И что же эта старенькая машинка со мной вытворяла, как куролесила-то! Возьмёт, к примеру, и проглотит кусок текста! Где? Куда дела?! Отвечай! А эта … только помаргивает, виновато – чего, мол, ты от старушки хочешь? Но я же вот, только что, такое длиннющее предложение навертел! И я же его, ну, совершенно уже не помню! Это классная привычка у меня еще со школы – написал, и тут же забыл. А что мне, всё помнить, что ли? Я, что, для себя это всё нагромоздил? Для учителя. Вот, пусть он и читает…

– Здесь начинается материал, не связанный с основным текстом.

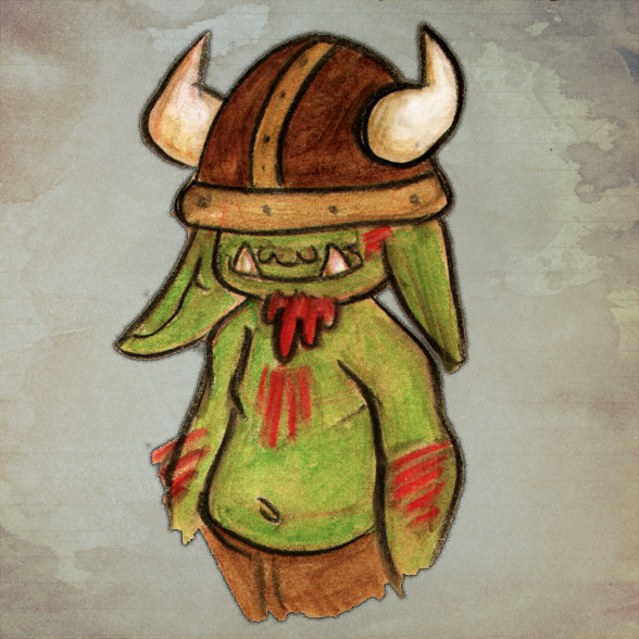 Mama the CG orc barbarian. My first campaign character! Charismatic, loving, loud, and clumsy, I retired her dice because she was a crit *machine*. Once one-shot an entire boss in one raging, charging, howling strike. Had a baby-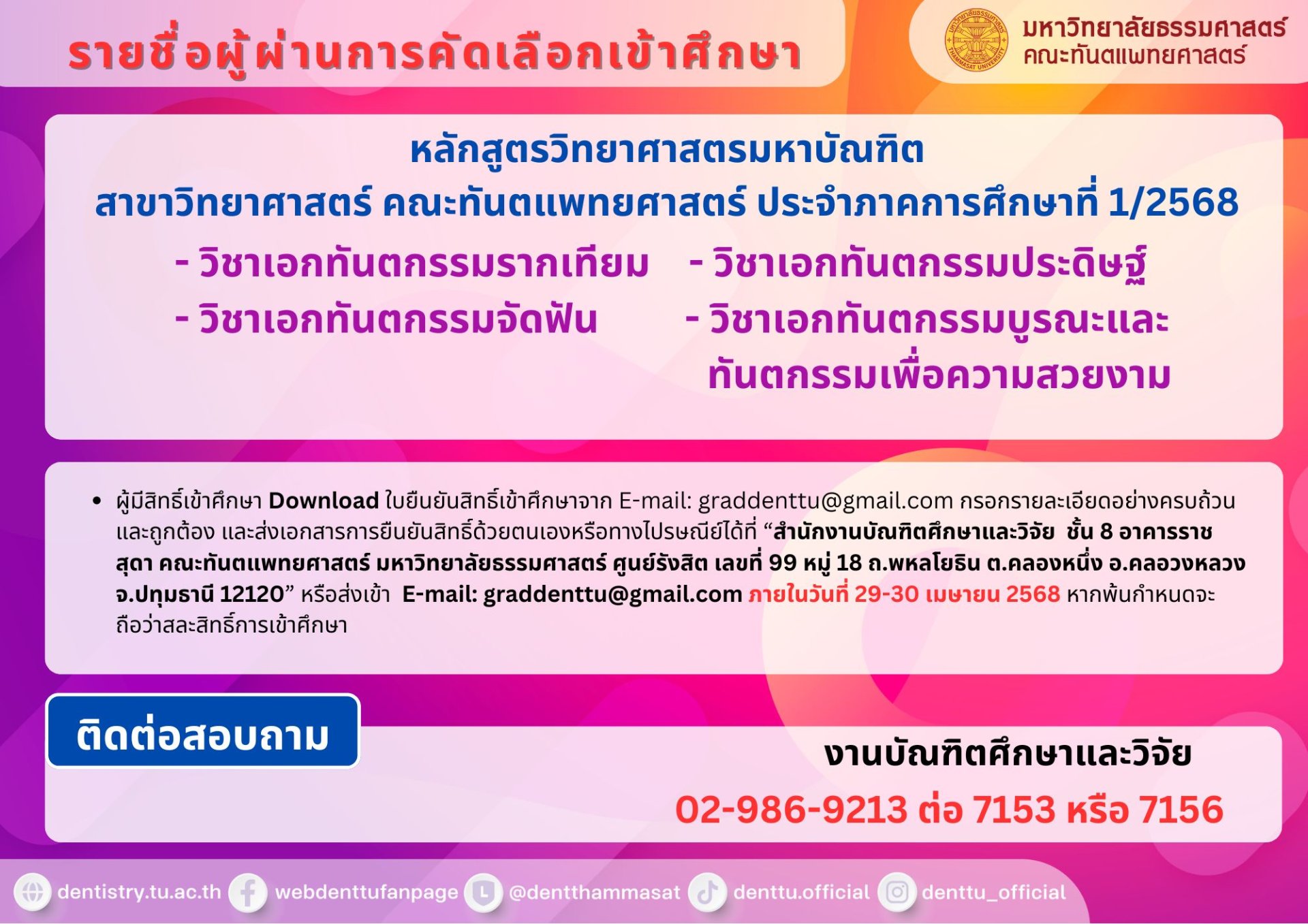 ผู้มีสิทธิ์เข้าศึกษา Download ใบยืนยันสิทธิ์เข้าศึกษาจาก E-mail: graddenttu@gmail.com กรอกรายละเอียดอย่างครบถ้วนและถูกต้อง และส่งเอกสารการยืนยันสิทธิ์ด้วยตนเองหรือทางไปรษณีย์ได้ที่ สำนักงานบัณฑิตศึกษาและวิจัย ชั้น 8 อาคารราชสุดา คณะทันตแพทยศาสตร์ มหาวิทยาลัยธรรมศาสตร์ ศูนย์รังสิต เลขที่ 99 หมู่ 18 ถ.พหลโยธิน ต.คลองหนึ่ง อ.คลอวงหลวง จ.ปทุมธานี 12120 หรือส่งเข้า E-mail: graddenttu@gmail.com ภายในวันที่ 29-30 เมษายน 2568 หากพ้นกำหนดจะถือว่าสละสิทธิ์การเข้าศึกษา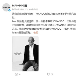 未来,我们将带着Isac的梦想持续建设MANGO,打造让他感到自豪的品牌,这是对Isac最好的致敬。”

Я и на куски всё дробил, чтобы, значит, тебя, моя старушка, не перегружать, и выключал периодически, и по монитору-то поглаживал – ни в какую! Ладно. Слепил, склепал – завтра домонтирую на ноуте. Домонтировал. Вставляю в «Одноклассники» - что это? Кто это написал? Что за винегрет?! Опять, ладно – подключаю свою палочку-выручалочку, мощную интуицию старого программлюги, который еще и не на таких корчах работал, и, таки, добиваюсь своего.
Вот, может ли мне хоть кто-нибудь объяснить, откуда берётся эта странная уверенность, что в данной, никогда ранее не встречаемой ситуации, нужно поступить именно так, а не иначе? Тыкнуть именно в эту иконку и выбрать именно эту опцию? Я еще могу понять, когда некий уникум совершенно безошибочно чувствует и ощущает, например, какой-нибудь честный механизм – может у него в роду подвизались сплошь левши и кулибины? Вот, и передалось оно, как-то, с генами, что ли. Но – электроника? Но – программирование? Это-то откуда? Не понимаю. Но вовсю пользуюсь – в полнейшем сомнамбулическом погружении и наитии практикую спасительный метод «тыка».
А сегодня, когда я уже отработал свои регулярные повинности, этот иезуитский комп послушен, как соискатель некой женской благосклонности – лишь бы не спугнуть!
В повинность входило посещение отделения банка и минимаркета. И в оба эти места, как впрочем, и в остальные, но сюда – особенно, я хожу с удовольствием. Потому, что я здесь обнаружил настоящие жемчужины, образцы столь высоко ценимой мной, девичьей прелести и цветения.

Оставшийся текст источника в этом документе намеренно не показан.